Pontus Hultén è il direttore del Moderna Museet dal 1958 al 1973. Di lui Szeemann apprezza fin da subito la volontà di rompere gli schemi e la vita a stretto contatto con gli artisti della sua generazione. Egli stesso padre della curatela moderna, capace di rendere Stoccolma una delle capitali dell’arte occidentale nella seconda metà del XX secolo, Niki de Saint Phalle diceva a suo riguardo: «he has the soul of an artist, not of a museum director»176. Willem Sandberg
invece dirige lo Stedelijk Museum dal 1945 al 1962. Altro nome imprescindibile nella storia dei curatori, porta avanti la propria attività guidato dall’ideale dell’unione di arte e vita e dalla volontà di rendere il museo qualcosa di più di un semplice cimitero per una collezione permanente. Szeemann li conosce all’inizio degli anni ’60, e comincia con loro una collaborazione che fa viaggiare le mostre da un’istituzione all’altra. L’autorevolezza di questi determinati direttori-curatori lega indissolubilmente i loro nomi alle istituzioni che dirigono. Negli anni ’60 non si va alla Kunsthalle, al Moderna, allo Stedelijk: si va da Szeemann, da Hultén, da Sandberg.
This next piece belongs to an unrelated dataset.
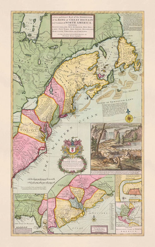 Ancienne carte de l'Amérique du Nord 1715 par Herman Moll: Nouvelle-Angleterre, Nouvelle Écosse, New York, Caroline, Français et treize Colonies britanniques
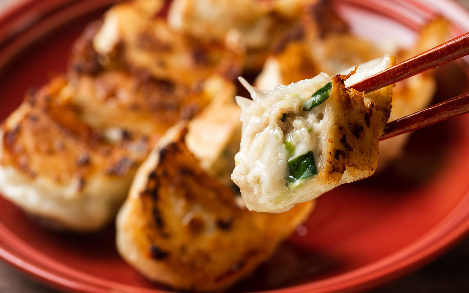 【行者にんにく餃子】 野菜(キャベツ、行者にんにく、生姜、にんにく)、豚肉、砂糖、食塩、 胡麻油、香辛料、オイスターソース、皮(小麦粉、でん粉、植物油脂、食塩) 調味料(アミノ酸等)、炭酸Ca、増粘剤(加工でん粉)、カラメル色素、 香辛料抽出物、(一部に豚肉・小麦・ごま・大豆を含む) |

I tre, come Karl-Heinz Hering a Düsseldorf, sono uniti da una stessa volontà di mettere in crisi l’aura di santità che nei decenni precedenti le istituzioni museali hanno mantenuto. Non per un desiderio di ribellione fine a sé stesso, ma per offrire uno spazio di espressione al passo coi tempi a una generazione con nuovi bisogni e messaggi da conferire.
Le prime mostre di Szeemann che si considereranno non rispecchiano però questo sostegno internazionale alle nuove sperimentazioni artistiche, ma raccontano già in parte la complessità e la sistematicità del progetto culturale che il curatore svizzero realizzerà nel corso della propria carriera.
175 «La situazione finanziaria, sia personale che pubblica, era desolante. Il mio consumo di whiskey si prendeva
cura del mio salario in un attimo, e per quanto riguarda la Kunsthalle, l’unica soluzione era per me sviluppare progetti di cooperazione con altre istituzioni». Ivi, p. 27.